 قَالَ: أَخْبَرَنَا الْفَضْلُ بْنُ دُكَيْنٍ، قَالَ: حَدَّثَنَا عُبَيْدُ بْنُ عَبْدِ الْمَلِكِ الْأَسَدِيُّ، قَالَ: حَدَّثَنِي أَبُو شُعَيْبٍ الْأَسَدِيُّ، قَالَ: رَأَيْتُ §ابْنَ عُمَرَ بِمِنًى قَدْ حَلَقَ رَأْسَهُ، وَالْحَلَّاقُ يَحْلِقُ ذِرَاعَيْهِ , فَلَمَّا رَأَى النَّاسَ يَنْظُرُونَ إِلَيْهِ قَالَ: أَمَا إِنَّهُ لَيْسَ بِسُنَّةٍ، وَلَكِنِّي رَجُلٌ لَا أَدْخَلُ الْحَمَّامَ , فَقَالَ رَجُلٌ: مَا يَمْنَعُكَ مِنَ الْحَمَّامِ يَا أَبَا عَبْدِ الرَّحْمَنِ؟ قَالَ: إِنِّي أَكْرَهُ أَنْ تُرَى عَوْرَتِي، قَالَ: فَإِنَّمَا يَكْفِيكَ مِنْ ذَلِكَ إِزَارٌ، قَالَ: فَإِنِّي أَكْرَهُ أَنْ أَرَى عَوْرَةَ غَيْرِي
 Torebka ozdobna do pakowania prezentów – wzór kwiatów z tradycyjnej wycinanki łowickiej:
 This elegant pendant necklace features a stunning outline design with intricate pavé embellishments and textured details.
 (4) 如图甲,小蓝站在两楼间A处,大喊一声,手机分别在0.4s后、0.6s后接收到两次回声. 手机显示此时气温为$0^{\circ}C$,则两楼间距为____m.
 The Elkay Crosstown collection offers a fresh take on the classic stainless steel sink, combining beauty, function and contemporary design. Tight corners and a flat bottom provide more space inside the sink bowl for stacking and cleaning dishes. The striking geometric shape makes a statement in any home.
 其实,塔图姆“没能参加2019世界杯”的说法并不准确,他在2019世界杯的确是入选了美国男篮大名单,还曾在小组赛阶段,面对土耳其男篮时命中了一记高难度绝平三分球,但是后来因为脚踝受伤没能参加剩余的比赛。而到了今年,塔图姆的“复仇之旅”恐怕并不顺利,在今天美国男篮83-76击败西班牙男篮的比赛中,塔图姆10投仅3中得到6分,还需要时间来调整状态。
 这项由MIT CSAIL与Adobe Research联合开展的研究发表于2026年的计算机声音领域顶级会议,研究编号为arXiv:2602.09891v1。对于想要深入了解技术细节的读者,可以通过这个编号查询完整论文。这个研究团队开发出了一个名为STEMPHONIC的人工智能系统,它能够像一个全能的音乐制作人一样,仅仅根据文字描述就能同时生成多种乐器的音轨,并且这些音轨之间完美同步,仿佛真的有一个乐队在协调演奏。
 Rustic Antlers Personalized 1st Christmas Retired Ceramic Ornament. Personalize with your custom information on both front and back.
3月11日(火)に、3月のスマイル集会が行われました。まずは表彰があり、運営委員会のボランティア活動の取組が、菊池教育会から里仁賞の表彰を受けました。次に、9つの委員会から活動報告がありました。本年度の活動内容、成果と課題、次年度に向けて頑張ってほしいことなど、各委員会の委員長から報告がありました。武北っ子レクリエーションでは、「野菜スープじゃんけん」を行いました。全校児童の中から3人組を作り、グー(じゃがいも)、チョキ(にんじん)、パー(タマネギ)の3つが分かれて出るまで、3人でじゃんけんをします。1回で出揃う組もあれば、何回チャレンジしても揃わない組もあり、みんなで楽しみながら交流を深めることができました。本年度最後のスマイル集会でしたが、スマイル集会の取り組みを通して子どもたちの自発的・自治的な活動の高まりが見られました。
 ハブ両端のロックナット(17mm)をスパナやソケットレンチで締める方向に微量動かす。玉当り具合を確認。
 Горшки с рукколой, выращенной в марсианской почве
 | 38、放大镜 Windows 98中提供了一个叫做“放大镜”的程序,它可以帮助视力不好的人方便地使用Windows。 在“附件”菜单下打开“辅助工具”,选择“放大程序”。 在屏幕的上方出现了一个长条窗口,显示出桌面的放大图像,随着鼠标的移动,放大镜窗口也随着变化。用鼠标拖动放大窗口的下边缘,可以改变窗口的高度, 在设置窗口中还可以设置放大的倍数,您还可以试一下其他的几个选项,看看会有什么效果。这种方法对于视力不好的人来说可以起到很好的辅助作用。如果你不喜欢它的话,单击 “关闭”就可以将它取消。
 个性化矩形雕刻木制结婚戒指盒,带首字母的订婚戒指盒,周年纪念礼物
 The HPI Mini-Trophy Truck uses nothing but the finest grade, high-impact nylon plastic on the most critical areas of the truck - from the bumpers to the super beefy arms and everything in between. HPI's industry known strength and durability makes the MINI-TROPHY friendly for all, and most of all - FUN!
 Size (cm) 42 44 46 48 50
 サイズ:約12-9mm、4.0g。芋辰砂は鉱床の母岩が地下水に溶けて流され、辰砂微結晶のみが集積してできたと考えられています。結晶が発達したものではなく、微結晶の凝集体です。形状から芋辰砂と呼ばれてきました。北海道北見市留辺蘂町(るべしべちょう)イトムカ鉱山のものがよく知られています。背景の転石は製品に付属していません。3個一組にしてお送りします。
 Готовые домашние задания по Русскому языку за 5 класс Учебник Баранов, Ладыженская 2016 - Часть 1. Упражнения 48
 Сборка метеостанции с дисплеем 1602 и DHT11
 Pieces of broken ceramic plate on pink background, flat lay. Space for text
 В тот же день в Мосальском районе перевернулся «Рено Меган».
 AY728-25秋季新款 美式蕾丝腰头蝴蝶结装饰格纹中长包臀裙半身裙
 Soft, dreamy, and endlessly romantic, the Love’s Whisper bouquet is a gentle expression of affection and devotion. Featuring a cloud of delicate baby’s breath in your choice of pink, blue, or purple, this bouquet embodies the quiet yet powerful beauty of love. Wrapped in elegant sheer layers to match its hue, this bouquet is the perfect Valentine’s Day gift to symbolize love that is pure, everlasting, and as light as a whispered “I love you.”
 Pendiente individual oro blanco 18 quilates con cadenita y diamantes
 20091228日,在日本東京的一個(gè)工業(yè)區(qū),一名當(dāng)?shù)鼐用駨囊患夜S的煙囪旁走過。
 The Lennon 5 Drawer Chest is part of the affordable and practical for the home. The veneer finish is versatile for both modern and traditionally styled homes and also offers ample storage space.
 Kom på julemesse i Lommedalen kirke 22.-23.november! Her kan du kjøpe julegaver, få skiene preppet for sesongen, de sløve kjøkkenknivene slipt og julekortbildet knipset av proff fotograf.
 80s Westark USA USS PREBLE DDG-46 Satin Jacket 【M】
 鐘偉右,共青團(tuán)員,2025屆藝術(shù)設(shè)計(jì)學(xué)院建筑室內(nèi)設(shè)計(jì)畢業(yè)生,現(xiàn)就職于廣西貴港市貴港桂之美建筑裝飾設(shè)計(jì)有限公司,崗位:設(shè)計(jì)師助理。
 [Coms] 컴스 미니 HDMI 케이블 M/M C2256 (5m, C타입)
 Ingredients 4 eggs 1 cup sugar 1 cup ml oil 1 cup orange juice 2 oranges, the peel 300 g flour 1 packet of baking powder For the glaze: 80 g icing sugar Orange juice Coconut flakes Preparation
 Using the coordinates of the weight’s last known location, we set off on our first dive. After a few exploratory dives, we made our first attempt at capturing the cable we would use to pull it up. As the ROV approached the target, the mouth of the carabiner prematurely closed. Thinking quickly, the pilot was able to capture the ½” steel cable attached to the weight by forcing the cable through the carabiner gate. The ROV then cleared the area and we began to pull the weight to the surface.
########
_Exercise details_
All lines starting at the one holding "[Coms] 컴스 미니 HDMI 케이블 M/M C2256 (5m, C타입)" and ending at the last line above must be output exactly, and no other line may appear.

_Written reply_
 [Coms] 컴스 미니 HDMI 케이블 M/M C2256 (5m, C타입)
 Ingredients 4 eggs 1 cup sugar 1 cup ml oil 1 cup orange juice 2 oranges, the peel 300 g flour 1 packet of baking powder For the glaze: 80 g icing sugar Orange juice Coconut flakes Preparation
 Using the coordinates of the weight’s last known location, we set off on our first dive. After a few exploratory dives, we made our first attempt at capturing the cable we would use to pull it up. As the ROV approached the target, the mouth of the carabiner prematurely closed. Thinking quickly, the pilot was able to capture the ½” steel cable attached to the weight by forcing the cable through the carabiner gate. The ROV then cleared the area and we began to pull the weight to the surface.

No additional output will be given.